“Planet Earth Report” provides descriptive links to headline news by leading science journalists about the extraordinary discoveries, technology, people, and events changing our knowledge of Planet Earth and the future of the human species. Our caffeine-inspired curation team scours the world, doing your work for you –all in one place.
They Knew Saber-Toothed Tigers Were Big. Then They Found This Skull. –It suggests that the prehistoric predators might have been able to feed on even the most giant prey of the Pleistocene era. When the curator mentioned a huge saber-toothed tiger skull stored behind the scenes of the National Museum of Natural History in Montevideo, Uruguay, Aldo Manzuetti had to see for himself, writes Joshua Sokol for the New York Times. The skull belonged to Smilodon populator. Extinct for about 10,000 years, the heavily muscled species once Hulk-smashed its way through South American fauna in the Pleistocene. To picture a normal individual, start with an African lion.
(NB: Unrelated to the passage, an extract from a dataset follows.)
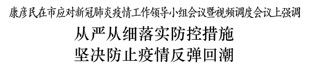 会议指出,各级各部门要深入贯彻习近平总书记重要指示精神,全面落实党中央、国务院决策部署和省委、省政府工作要求,坚持“外防输入、内防反弹”总策略不动摇,从严从细推动各项防控措施落地落实,坚决防止疫情反弹回潮。

Then double its size and add giant fangs.
How China’s “Bat Woman” Hunted Down Viruses from SARS to the New Coronavirus –Wuhan-based virologist Shi Zhengli has identified dozens of deadly SARS-like viruses in bat caves, and she warns there are more out there, reports Jane Qiu for Scientific American.
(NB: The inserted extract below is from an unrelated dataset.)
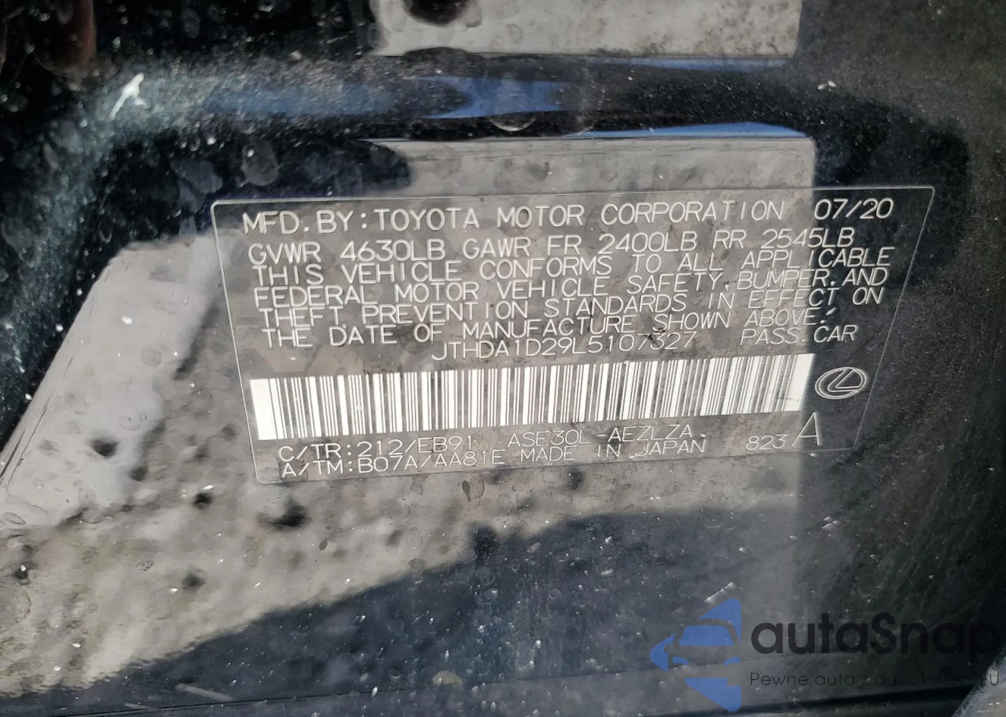 LOT: 65461885 VIN: JTHDA1D29L5107327

“They Are Already Here” — In her new book “They Are Already Here: UFO Culture and Why We See Saucers” , journalist Sarah Scoles explores the culture and history of people who believe in UFOs. The book begins here, she reports for Space.com, with her own experience of a total solar eclipse and a mysterious light in the sky, which set the stage for her reporting in the UFO community. You can read an interview with Scoles here.
Why the MOSAIC Expedition is So Vital to Climate Change Research — On a ship frozen in the Arctic, scientists have spent all winter to shed light on exactly how the world is changing, reports The Smithsonian. Because the Arctic plays such an important role in cooling the planet, MOSAiC’s goal is to understand how the ice, atmosphere and ocean are interacting in a warming Arctic, and how those dynamics affect climate around the globe.
Amazon Prime Will Falter During Coronavirus Crisis, Experts Say –Amazon Prime is a logistical nightmare during the best of times. Supply chain issues, increased demand, and the potential of a warehouse outbreak are putting pressure on the system, writes Lauren Kaori Gurley for Motherboard Vice. More than half of American households are Amazon Prime members, and, for better or worse, have come to rely on the service for many of their everyday needs.
True History Behind the Plot Against America –Philip Roth’s classic novel, newly adapted by HBO, envisions a world in which Charles Lindbergh wins the 1940 presidential election Seamlessly blending truth and imagination, The Plot Against America pits aviator Charles A. Lindbergh against incumbent Franklin Delano Roosevelt in the 1940 presidential election. Voters’ choice, argues the Spirit of St. Louis pilot and fervent “America Firster” in a trailer for the series, is not between Lindbergh and Roosevelt, but “between Lindbergh and war.”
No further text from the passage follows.